Monday, 10 December 2018

Lucy M. Boston, her birthday and her memoirs

The English novelist Lucy M. Boston, who is often known as L. M. Boston, was born on December 10th 1892. She was over 60 when her first book was published, and she lived to the age of 97.

She is of interest to me mainly because of her book An Enemy at Green Knowe.  The enemy in the title is the scholar, black magician and demon-possessed witch Dr. Melanie Powers, who has been mentioned in passing in a few articles. This is the only book in which Lucy M. Boston writes about the battle between good and evil.

There is little in Lucy M. Boston’s life to explain where Melanie Powers and her very familiar characteristics and behaviour came from; unlike Nicholas Stuart Gray’s and Diana Wynne Jones’s witches, she was not based on the author’s mother: Lucy M. Boston’s mother was unhappy and neglectful, but not cruel and evil.

However, the magical house Green Knowe, whose name appears in the titles of her series of children’s fantasy books, is taken directly from Manor House, which was built by the Normans around the year 1130 and was her home for almost 50 years.

Manor House is still in the Boston family and is now open to the public. Maybe I will go to see it some time.

Friday, 7 December 2018

More wise words from Upton Sinclair

Upton Sinclair was just a name to me until very recently.

I now know that he produced some very insightful and inspirational material.

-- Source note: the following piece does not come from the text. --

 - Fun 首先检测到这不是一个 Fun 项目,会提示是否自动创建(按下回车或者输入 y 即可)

He could be a goldmine, so his writings are on the list to be investigated. In the meantime, a little research has found these very relevant quotations:

I discover that hardly a week passes that someone does not start a new cult, or revive an old one; if I had a hundred life-times I could not know all the creeds and ceremonies, the services and rituals, the litanies and liturgies, the hymns...”

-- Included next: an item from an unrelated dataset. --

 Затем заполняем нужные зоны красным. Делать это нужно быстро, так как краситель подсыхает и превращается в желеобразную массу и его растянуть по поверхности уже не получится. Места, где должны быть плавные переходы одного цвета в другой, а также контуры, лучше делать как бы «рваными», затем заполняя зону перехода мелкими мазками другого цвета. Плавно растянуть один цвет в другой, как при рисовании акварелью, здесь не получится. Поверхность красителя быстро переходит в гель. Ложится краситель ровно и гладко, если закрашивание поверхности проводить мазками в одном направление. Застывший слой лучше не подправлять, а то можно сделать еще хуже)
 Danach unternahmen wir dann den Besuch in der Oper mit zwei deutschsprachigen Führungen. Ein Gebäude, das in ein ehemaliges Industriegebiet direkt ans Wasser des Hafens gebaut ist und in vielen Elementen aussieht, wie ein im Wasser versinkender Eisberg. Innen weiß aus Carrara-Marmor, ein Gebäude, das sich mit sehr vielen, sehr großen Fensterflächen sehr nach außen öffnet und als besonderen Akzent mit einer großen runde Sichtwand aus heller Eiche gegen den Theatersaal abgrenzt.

From The Profits of Religion: An Essay in Economic Interpretation (1918), Introductory, "Bootstrap-lifting".

He was speaking about American-style religious organisations, but his words apply to many other types of cult. There is no end to them, and many do indeed perform brain-washing ceremonies.

He was burning with a sense of outrage. He had been tricked and made a fool of; he had been used and flung aside. And now there was nothing he could do — he was utterly helpless. What affected him most was his sense of the overwhelming magnitude of the powers which had made him their puppet; of the utter futility of the efforts that he or any other man could make against them. They were like elemental, cosmic forces; they held all the world in their grip, and a common man was as much at their mercy as a bit of chaff in a tempest.

From Metropolis (1908)

Upton Sinclair could be speaking for many people who realise that they have been cheated, lied to and made a fool of and that there is nothing that they can do about it. They are helpless pawns; they are up against something huge, invulnerable, inexorable and remorseless.

This is a perfect description of how devastated some people feel when they realise that they have been used and destroyed by a cult or an energy vampire and there will be no justice and no compensation.

November 25th this year was the 50th anniversary of Upton Sinclair’s death.


Wednesday, 5 December 2018

A multi-level approach to finding explanations

When I am trying to understand certain phenomena and occurrences, my method is to start by considering the most obvious explanations. There is no need to assume occult influences or go into full conspiracy theory mode unless and until it is absolutely necessary!

If all the top-level possibilities I can think of are not relevant, if they are inadequate and insufficient to explain everything, if they are the symptoms as opposed to the cause, then I will move down a level to more subtle possibilities.

If these too do not provide a full and satisfactory explanation, I will go lower still.

For example, if someone acts unprofessionally and out of character and causes a lot of damage to the company they work for, I would first check for such personal factors as illness, money worries, family problems or a drink problem. I would then look at the employer and the job and to see whether they were tired from working very long hours, were living in fear of redundancy or had been promoted beyond their capabilities.